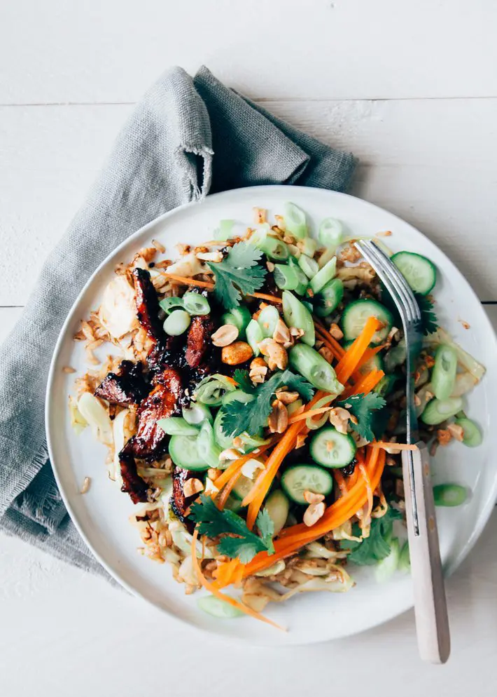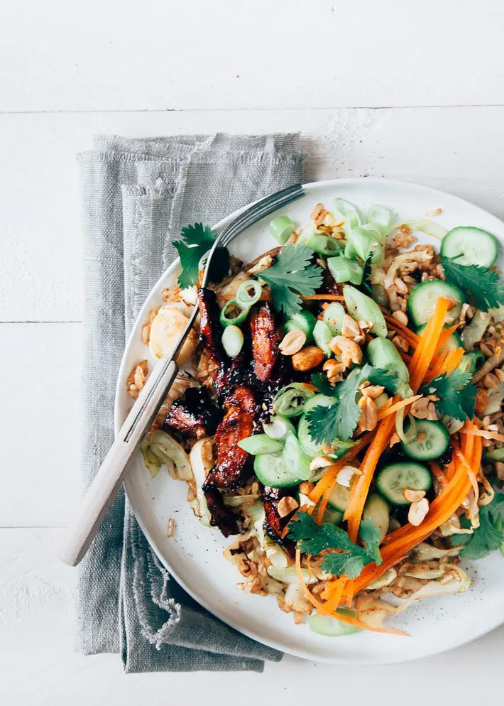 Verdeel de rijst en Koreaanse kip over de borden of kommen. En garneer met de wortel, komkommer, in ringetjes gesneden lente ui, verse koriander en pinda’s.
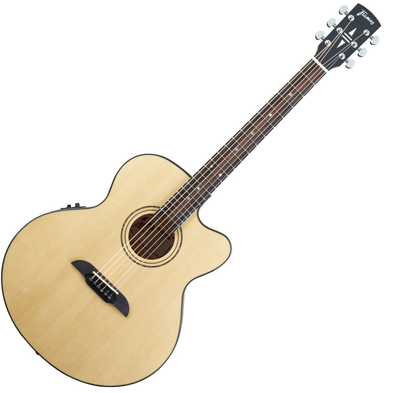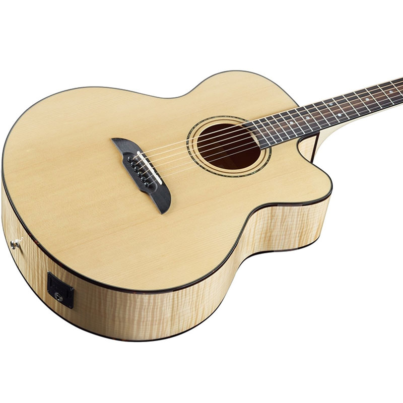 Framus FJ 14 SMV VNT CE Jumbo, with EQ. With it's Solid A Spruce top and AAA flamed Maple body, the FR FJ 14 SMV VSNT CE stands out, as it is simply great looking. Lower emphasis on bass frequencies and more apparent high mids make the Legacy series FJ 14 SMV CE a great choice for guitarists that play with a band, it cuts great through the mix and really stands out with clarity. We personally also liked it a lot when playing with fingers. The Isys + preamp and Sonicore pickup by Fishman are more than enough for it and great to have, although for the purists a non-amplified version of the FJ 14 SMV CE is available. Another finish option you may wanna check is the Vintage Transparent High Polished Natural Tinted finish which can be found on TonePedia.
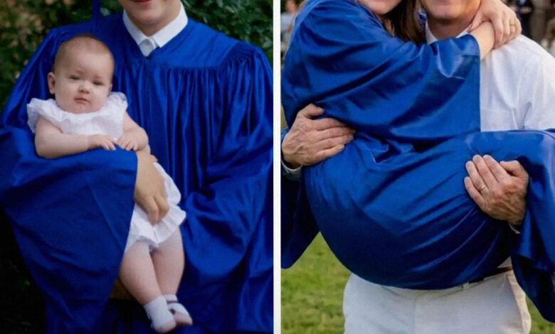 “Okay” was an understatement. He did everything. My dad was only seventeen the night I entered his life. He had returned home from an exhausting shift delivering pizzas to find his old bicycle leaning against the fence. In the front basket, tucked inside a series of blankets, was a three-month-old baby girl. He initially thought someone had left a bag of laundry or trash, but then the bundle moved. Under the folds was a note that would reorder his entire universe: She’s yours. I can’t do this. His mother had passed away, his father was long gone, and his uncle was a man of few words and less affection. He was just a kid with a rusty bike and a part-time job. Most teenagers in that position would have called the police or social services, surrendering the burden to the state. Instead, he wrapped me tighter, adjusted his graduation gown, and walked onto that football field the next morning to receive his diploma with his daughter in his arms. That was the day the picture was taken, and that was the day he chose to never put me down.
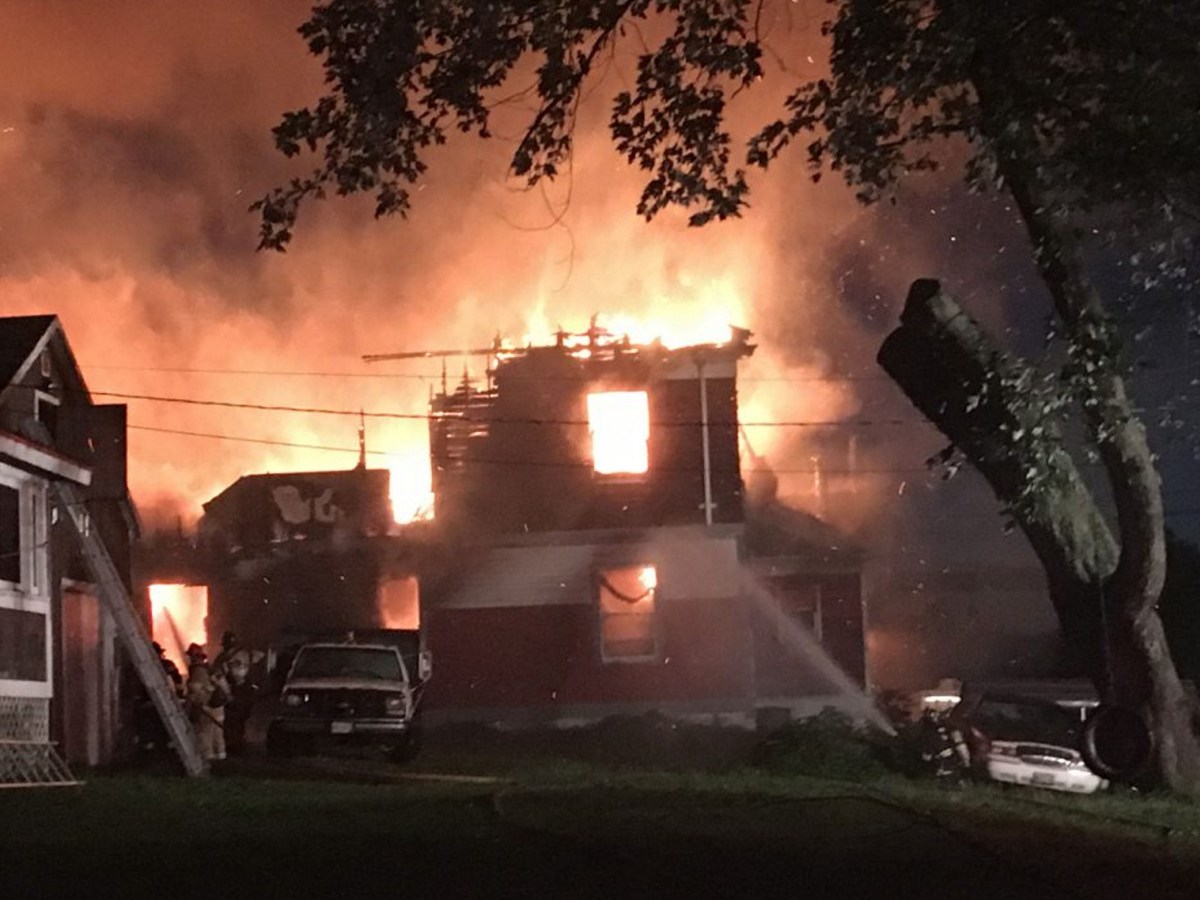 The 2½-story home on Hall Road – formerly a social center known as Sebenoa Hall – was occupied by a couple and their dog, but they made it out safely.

·····

The lines running from the beginning of the listing above through the line that holds "Framus FJ 14" are to be duplicated exactly, both ends kept, pictures omitted.

 Verdeel de rijst en Koreaanse kip over de borden of kommen. En garneer met de wortel, komkommer, in ringetjes gesneden lente ui, verse koriander en pinda’s.
 Framus FJ 14 SMV VNT CE Jumbo, with EQ. With it's Solid A Spruce top and AAA flamed Maple body, the FR FJ 14 SMV VSNT CE stands out, as it is simply great looking. Lower emphasis on bass frequencies and more apparent high mids make the Legacy series FJ 14 SMV CE a great choice for guitarists that play with a band, it cuts great through the mix and really stands out with clarity. We personally also liked it a lot when playing with fingers. The Isys + preamp and Sonicore pickup by Fishman are more than enough for it and great to have, although for the purists a non-amplified version of the FJ 14 SMV CE is available. Another finish option you may wanna check is the Vintage Transparent High Polished Natural Tinted finish which can be found on TonePedia.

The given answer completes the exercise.